You adulterous people, don’t you know that friendship with the world is hatred toward God? Anyone who chooses to be a friend of the world becomes an enemy of God. Or do you think Scripture says without reason that the spirit he caused to live in us envies intensely? But he gives us more grace. That is why Scripture says: “God opposes the proud but gives grace to the humble.”
I think my problems understanding this passage come from thinking of the world as the people of the world. And this would then conflict with “God so loved the world…”
But I think what James is getting at is loving the world system…the way the world runs, the defacto order of things. That is in direct conflict with what God desires to happen in this world because this world is under a different ruler. God is jealous for us…He wants our undivided attention. His Spirit inside of us desires communion with Him…and love of the worldly systems breaks that communion, doesn’t it? If we desire power, motivated by greed, then we are definitely loving the world and contrary to what God desires.
So we humble ourselves and God graces us. He graces us for the walk that is contrary to what the worldly ways are. He graces us to give to the needy, to love the unlovable. He graces us to walk out His plan…loving the people of the world without becoming a member of the worldly system.
Submit yourselves, then, to God. Resist the devil, and he will flee from you. Come near to God and he will come near to you. Wash your hands, you sinners, and purify your hearts, you double-minded. Grieve, mourn and wail. Change your laughter to mourning and your joy to gloom. Humble yourselves before the Lord, and he will lift you up.
James wants us to live a purified life. Odd that he tells us to grieve, mourn and wail. That our laughter should change to mourning and our joy to gloom. I do grieve the life I had, I mourn the trouble I’ve caused to myself and my loved ones. But my mourning changes to laughter when I think of what Christ did for me. I’m not the “beating my breast” type, anymore. I acknowledge that I, more than anyone I know, should be beating my breast for the grief I caused, but God has done so much for me that I cannot be gloomy about it any longer.
Brothers, do not slander one another.

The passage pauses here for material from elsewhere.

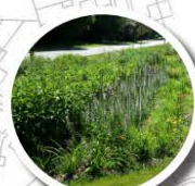
Potential marginal aquatic and wetland grass species within linear SuDS swale features supporting water flow, visual amenity and biodiversity

Anyone who speaks against his brother or judges him speaks against the law and judges it. When you judge the law, you are not keeping it, but sitting in judgment on it. There is only one Lawgiver and Judge, the one who is able to save and destroy. But you—who are you to judge your neighbor?
Stop talking bad about your neighbor. Everyone is your neighbor. Enough said.
Boasting About Tomorrow
Now listen, you who say, “Today or tomorrow we will go to this or that city, spend a year there, carry on business and make money.” Why, you do not even know what will happen tomorrow. What is your life? You are a mist that appears for a little while and then vanishes. Instead, you ought to say, “If it is the Lord’s will, we will live and do this or that.” As it is, you boast and brag. All such boasting is evil. Anyone, then, who knows the good he ought to do and doesn’t do it, sins.
If the Lord wills it, I will continue to write. If the Lord wills, I will continue to teach. If the Lord wills, and I can stay focused on His will, I will have the good that I ought to do clearly in mind and I will be able to do it. I do not know what will happen tomorrow. But I do know that I have been given today to do as the Lord wills.